Private Equity Fund Exit Series Extension or Liquidation When the Term of the Fund Expires?

Mondo Finance Updated on 2024-03-01

Extensions are usually divided into active and passive extensions. Voluntary extension refers to the corresponding extension of the duration of the partnership through specific procedures at the expiration of the period agreed by the LPA in order to achieve the purpose of the partnership or to cooperate with the exit time node of the investment project. Voluntary extension is usually a contractual arrangement, which may be the result of relative optimism, or it may be a helpless move for both GP and LP in the case of many uncertainties.

Once there is a passive extension, the result is usually not optimistic for investors, either the investment project cannot be withdrawn, or the manager has expected to be unable to exit until the expiration of the first period, and has to delay the liquidation by extension.
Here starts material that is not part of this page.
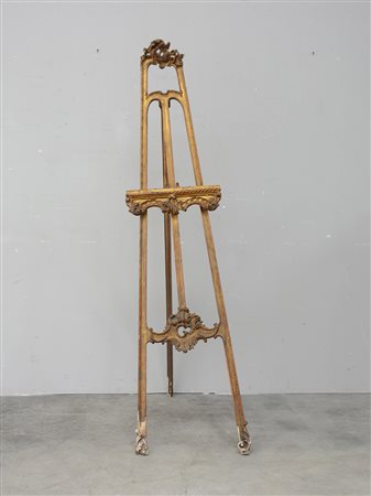 Cavalletto in legno intagliato e dorato a motivi vegetali (h. cm 180)...

The common decision-making mechanisms for the extension of ** in China are as follows:

1) With the unanimous consent of all LPs. This arrangement is most beneficial to LPs;

2) Passed by resolution of the partners' meeting. The pros and cons of the arrangement are determined depending on the voting mechanism of the partners' meeting;

3) With the consent of the Managing Partner and the Administrator. The arrangement is likely to be most detrimental to LPs;

4) The first extension of the ** term can be directly decided by the GP manager, and the second extension of the ** term is generally decided by the partners' meeting. The arrangement is a compromise between the interests of all parties.
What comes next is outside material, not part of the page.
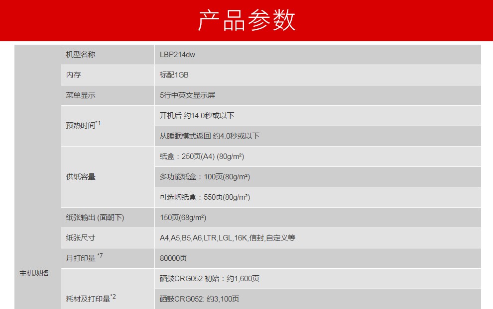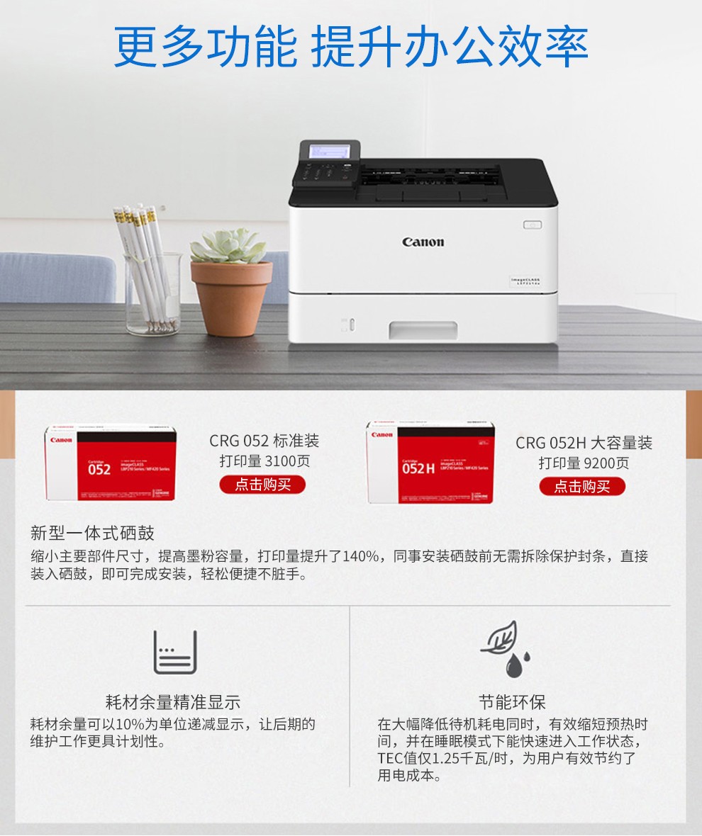 佳能 (Canon)LBP214dw A4幅面黑白激光打印机

Regardless of the mechanism, the extension of the duration of ** must comply with the principles of "appropriateness" and "necessity". The principle of "appropriateness" is that the extension period of ** cannot be too long, generally speaking, it is 1 year or 1+1 year. If there is an extension period of more than two years, it is difficult to prove that it meets the principle of "appropriateness". The principle of "necessity" is that the manager must provide evidence to prove the necessity of extension when making decisions, usually one or several projects are facing a critical kick in the exit, and if it is not extended, it will be visible to the naked eye.

In our previous LP Protection Manual, we have repeatedly emphasized that investors must be wary of the automatic extension clause when signing the LPA, fully consider the "appropriateness" and "necessity" of the extension, and pay attention to whether to pay management fees during the extension period.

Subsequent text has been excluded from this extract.